■ What to produce
Would you reproduce exactly, and only, the lines starting at the one with "11月30日,在青田縣城的誠磊24小時咖啡館里,工作人員在制作咖啡。" and ending at the last line of the data, with both included? Leave the pictures out.

Records START

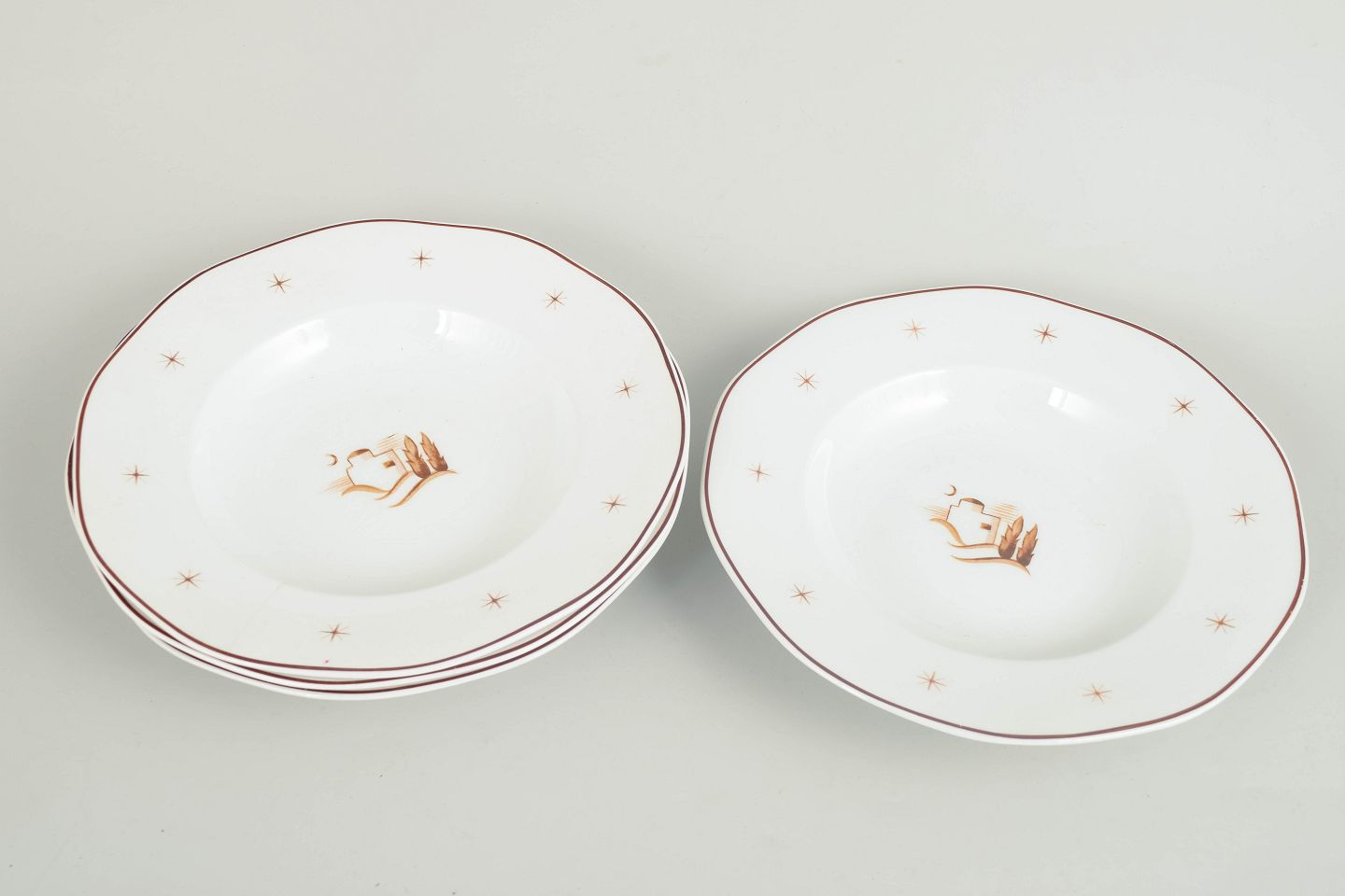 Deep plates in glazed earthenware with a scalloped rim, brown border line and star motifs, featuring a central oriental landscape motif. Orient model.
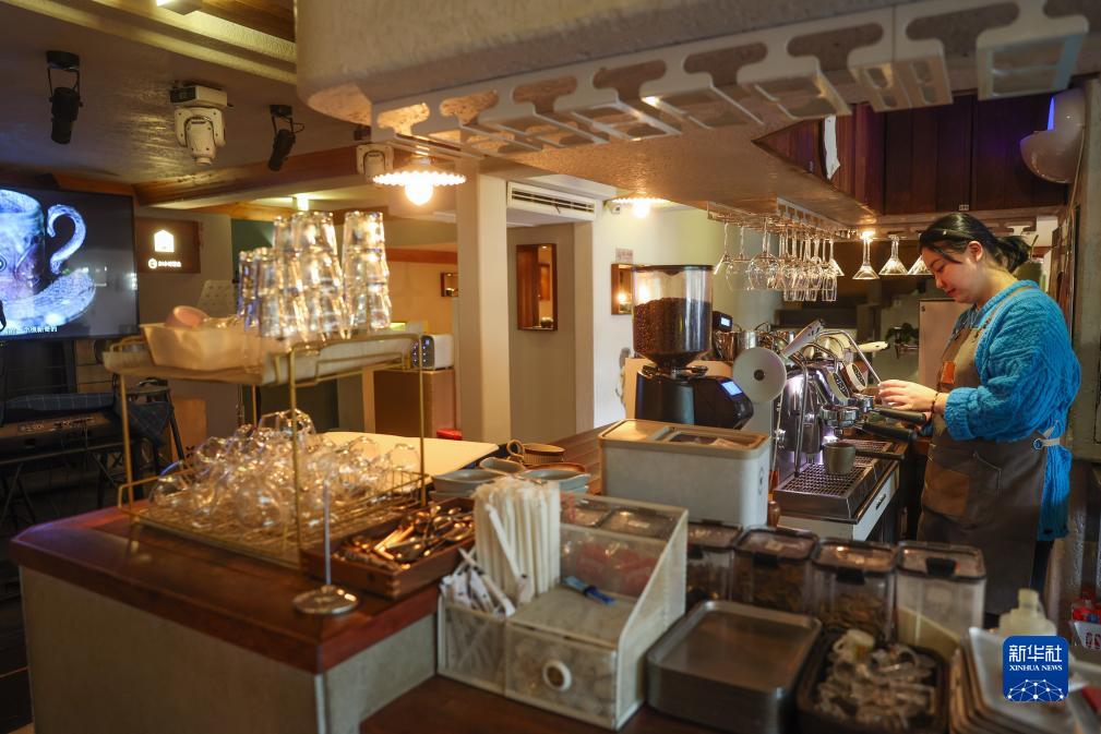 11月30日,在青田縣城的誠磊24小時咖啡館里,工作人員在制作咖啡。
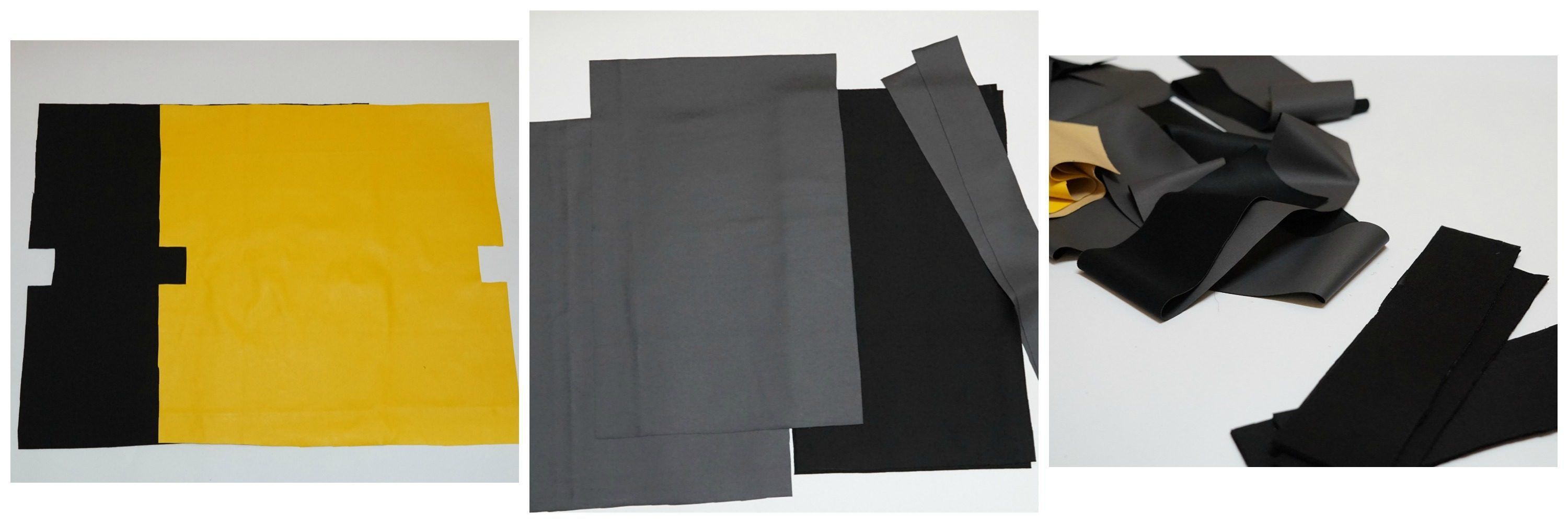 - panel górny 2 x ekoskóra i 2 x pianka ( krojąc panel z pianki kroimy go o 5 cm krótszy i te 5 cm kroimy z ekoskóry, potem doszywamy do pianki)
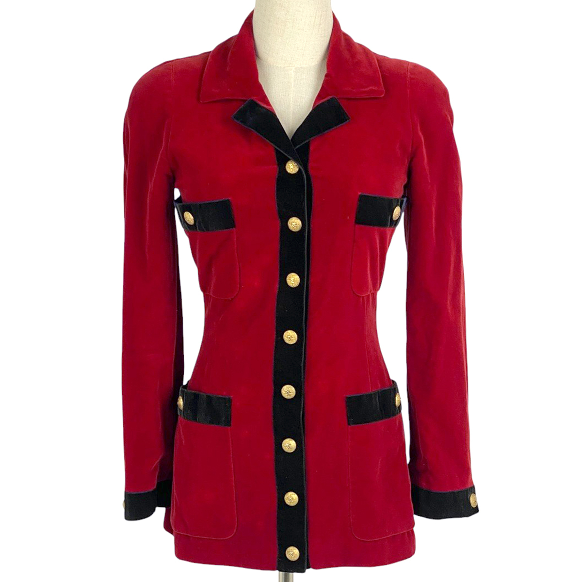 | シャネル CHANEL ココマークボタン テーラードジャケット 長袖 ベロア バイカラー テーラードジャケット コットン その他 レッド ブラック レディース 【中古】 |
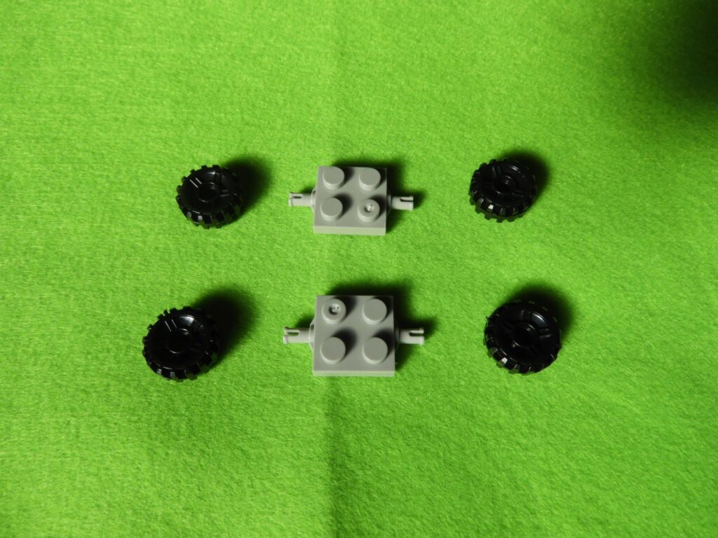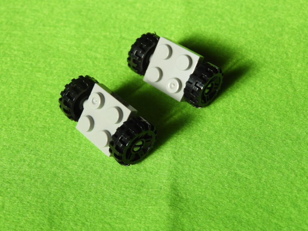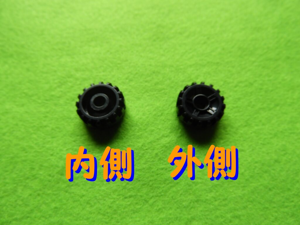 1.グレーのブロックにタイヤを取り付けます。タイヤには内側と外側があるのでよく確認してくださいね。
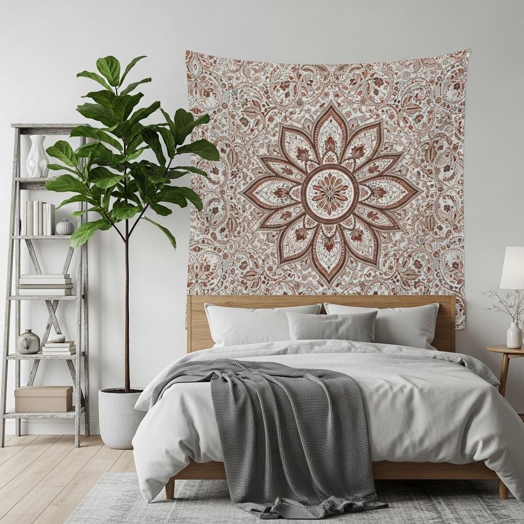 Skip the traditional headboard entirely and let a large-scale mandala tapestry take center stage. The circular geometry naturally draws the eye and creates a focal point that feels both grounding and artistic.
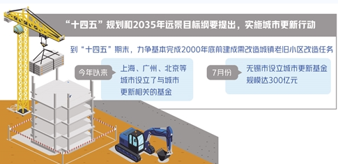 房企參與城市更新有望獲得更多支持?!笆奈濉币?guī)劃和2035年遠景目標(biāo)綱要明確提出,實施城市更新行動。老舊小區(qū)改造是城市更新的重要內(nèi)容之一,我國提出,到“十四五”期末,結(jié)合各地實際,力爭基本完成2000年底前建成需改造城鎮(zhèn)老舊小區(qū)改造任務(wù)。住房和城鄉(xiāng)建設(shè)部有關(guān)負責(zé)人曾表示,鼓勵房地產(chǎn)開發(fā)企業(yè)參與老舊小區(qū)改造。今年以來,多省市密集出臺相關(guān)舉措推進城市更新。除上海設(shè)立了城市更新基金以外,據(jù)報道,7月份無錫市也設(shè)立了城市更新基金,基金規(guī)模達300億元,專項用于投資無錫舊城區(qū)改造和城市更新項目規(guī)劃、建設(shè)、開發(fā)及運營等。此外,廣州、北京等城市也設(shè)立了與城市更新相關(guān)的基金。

Records END

■ Solution for this exercise
 11月30日,在青田縣城的誠磊24小時咖啡館里,工作人員在制作咖啡。
 - panel górny 2 x ekoskóra i 2 x pianka ( krojąc panel z pianki kroimy go o 5 cm krótszy i te 5 cm kroimy z ekoskóry, potem doszywamy do pianki)
 | シャネル CHANEL ココマークボタン テーラードジャケット 長袖 ベロア バイカラー テーラードジャケット コットン その他 レッド ブラック レディース 【中古】 |
 1.グレーのブロックにタイヤを取り付けます。タイヤには内側と外側があるのでよく確認してくださいね。
 Skip the traditional headboard entirely and let a large-scale mandala tapestry take center stage. The circular geometry naturally draws the eye and creates a focal point that feels both grounding and artistic.
 房企參與城市更新有望獲得更多支持?!笆奈濉币?guī)劃和2035年遠景目標(biāo)綱要明確提出,實施城市更新行動。老舊小區(qū)改造是城市更新的重要內(nèi)容之一,我國提出,到“十四五”期末,結(jié)合各地實際,力爭基本完成2000年底前建成需改造城鎮(zhèn)老舊小區(qū)改造任務(wù)。住房和城鄉(xiāng)建設(shè)部有關(guān)負責(zé)人曾表示,鼓勵房地產(chǎn)開發(fā)企業(yè)參與老舊小區(qū)改造。今年以來,多省市密集出臺相關(guān)舉措推進城市更新。除上海設(shè)立了城市更新基金以外,據(jù)報道,7月份無錫市也設(shè)立了城市更新基金,基金規(guī)模達300億元,專項用于投資無錫舊城區(qū)改造和城市更新項目規(guī)劃、建設(shè)、開發(fā)及運營等。此外,廣州、北京等城市也設(shè)立了與城市更新相關(guān)的基金。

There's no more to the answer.